In current times, where the Stress and emotional tensions are common, it is essential to promote a positive mood to reach the integral wellnessTo achieve this, there are effective tools such as the practice of sport, healthy social relationships and, above all, a adequate food. Diet plays a crucial role in the regulation of neurotransmitters responsible for our mental health, such as Serotonin and dopamine.
Below we have prepared a comprehensive guide on foods that contribute to production of these neurotransmitters, essential to maintain a balanced mood. In addition, we cover additional tips for your natural optimization.
What are serotonin and dopamine?
La Serotonin and dopamine They are essential neurotransmitters for the brain and the body. They regulate processes such as rest, the frame of mind and motor functions, in addition to playing a key role in the emotions and and motivation.

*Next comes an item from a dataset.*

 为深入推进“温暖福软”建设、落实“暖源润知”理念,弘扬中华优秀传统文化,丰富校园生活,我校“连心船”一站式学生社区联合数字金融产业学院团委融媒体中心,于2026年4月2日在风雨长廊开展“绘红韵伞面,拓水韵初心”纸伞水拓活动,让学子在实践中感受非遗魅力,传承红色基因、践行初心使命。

La Serotonin, known as the "happiness hormone", originates from the tryptophan, an essential amino acid that acts on areas such as the sleep regulation, the appetite and emotions. For its part, dopamine is responsible for providing sensations of pleasure y compensation. The latter is synthesized from the tyrosine amino acid.
The niveles of these neurotransmitters can fluctuate due to multiple factors, such as:
- Chronic stress.
- Diets rich in saturated fats, refined sugars o ultra-processed foods.

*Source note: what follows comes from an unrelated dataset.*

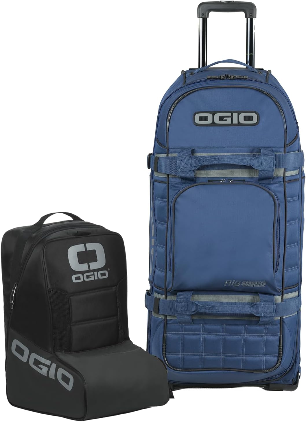 The Rig 9800 gets a facelift and added features in the revamped Rig 9800 Pro. Featuring Ogio’s renowned SLED, the Rig Pro gets an added MX boot bag and changeable wheel set as part of the new overall design. New Features Include: Includes MX Boot Bag, New changeable wheel set, with customizable wheel color options (purchased separately), Internal tie-down straps to hold down boots, your clean clothes or other gear, Upgraded heavy duty grab handles, Internal tie-down straps to hold down boots or your clean clothes, Additional top slash storage pocket, ID window on the top of the bag, SLED (Structural Load Equalizing Deck) System for increased durability in the harshest of conditions, Wide mouth LID opening for easy access, Several multi-use under LID compartments for apparel and smaller gear, iFOM (Integrated Foam) construction throughout for added protection and durability and Telescopic pull handle. Dimensions: 34 ½” H X 16” W x 15 ½” D / 87.6cm H x 40cm W x 39.3cm D 7,620 Cu In / 125 L (Empty) 13.4 Lbs / 6.1 Kg (Empty) 14.8 Lbs / 6.75 Kg with Boot Bag 600D Poly, 420D Dobby Poly

- Hormonal alterations o enfermedades related to metabolism.
- Consumption of certain medications affecting their production.
To keep your equilibrium, it is essential to adopt Healthy Habits and a rich diet en foods that favor their synthesis.

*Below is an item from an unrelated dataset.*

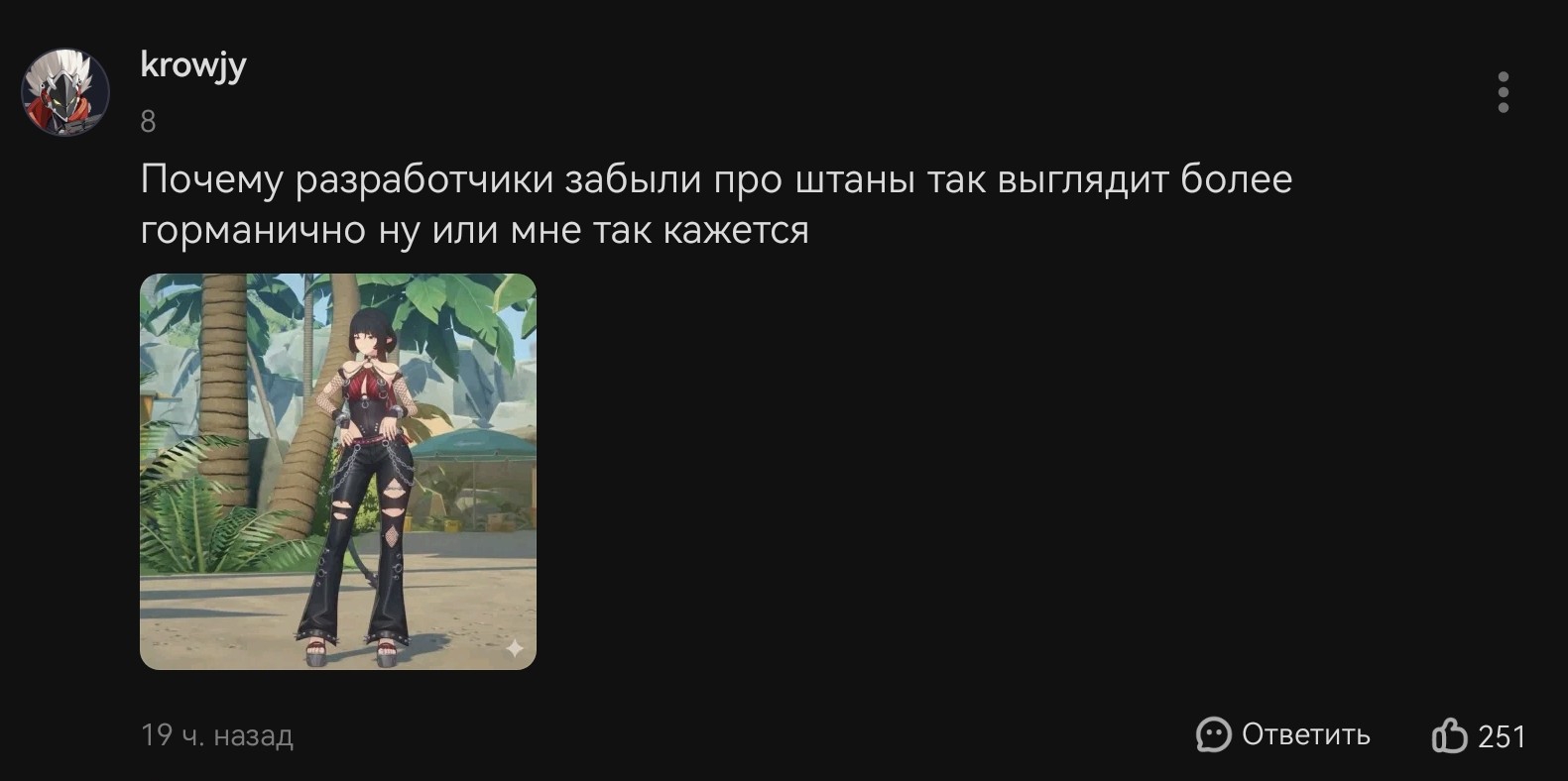 Тоже есть вуво-протык типа Глиномеса который топит за голых мужиков облитых маслом и как круто было бы, чтоб его ГГ выебал голый игровой мужик? И при этом также все визжат что нет мужиков, все женщины шлюхи и всех надо одеть в хиджаб?

Foods that promote the production of serotonin and dopamine
Below we detail a food list ideal for increasing levels of Serotonin y dopamine, along with their Additional benefits:
Chocolate
The chocolate black, with a content of cocoa over 75% and without added sugars, it is a powerful ally for people's wellbeing. It is rich in theobromine, that contribute Energy, and phenylethylamine, which stimulates the release of dopamine. It also contains tryptophan, a direct precursor to the Serotonin.
This food not only improves the frame of mind, but can also act as a natural pain reliever. To maximize its benefits, it is recommended to consume it in a moderate, like a small piece a day.
Discover more benefits of dark chocolate here.
Oatmeal
La oats is a carbohydrate of absorption slow that balances the levels of glucose in blood, promoting an optimal environment for the production of tryptophan. Additionally, it provides fiber, Group B vitamins y minerals such as magnesium, essential for the production of neurotransmitters.
Including oatmeal in your breakfast is a excellent way to start the day with Energy y optimism. It can be combined with fruits, seeds or nuts to enhance its nutritional profile.
Banana
El banana It is famous for its high content of tryptophan, as well as in B6 vitamins, A and C, which are cofactors for synthesizing Serotonin y dopamine. It also contributes potassium y magnesium, which contribute to emotional balance and physical.
It is ideal to consume it as a healthy snack or incorporate it into Smoothies y nutritious desserts.
Eggs
The eggs are a full source de proteins high quality containing essential amino acidsand tryptophan. In addition, its content in Vitamin B6 contributes to the production of Serotonin y dopamine.
Don't be afraid to include them in your diet. regular; recent studies indicate that, consumed with moderation, do not raise the cholesterol in a harmful way.
Salmon
El salmon and other blue fish, As the sardines and mackerel, are rich in omega-3 fatty acids. These nutrients are essential for the maintenance of neuronal membranes and regulation of neurotransmitters.
Eat salmon twice a week strengthen el nervous system, improve the the memory and contributes to emotional balance.
Peppers
The peppers, especially the Red, are not only rich in Antioxidants, but also contain capsaicin. This compound stimulates the release of endorphins, known as the body's "natural painkillers."
They are perfect as part of salads, roasted or sauteed.
Chickpeas
The vegetables, particularly those chickpeas, are excellent sources of vegetable proteins y tryptophan. Furthermore, they contain Group B vitamins y magnesium, which optimize the production of Serotonin y dopamine.
Incorporate them into preparations such as hummus o fresh salads It is a delicious way to take advantage of its benefits.
Pineapple
La pineapple is rich in bromelinaa whirlpool bath, enzyme with properties anti-inflammatory, and in compounds that stimulate the production of Serotonin. It also favors the melatonin synthesis, improving the quality of the dream.
It is ideal to consume it as dessert or in natural shakes.
Sunflower seeds
The sunflower seeds They stand out for their content in tryptophan, magnesium y Vitamin E. Add a handful to salads, yogurts o homemade breads can help significantly improve the levels of these neurotransmitters.
As you can see, our diet has a direct hit in our emotional well. Include foods rich in tryptophan y omega-3, Together with Healthy Habits such as physical exercise and a good rest, will allow to optimize the production of Serotonin y dopamine. Let's transform our diet and lifestyle to experience greater happiness y emotional balance.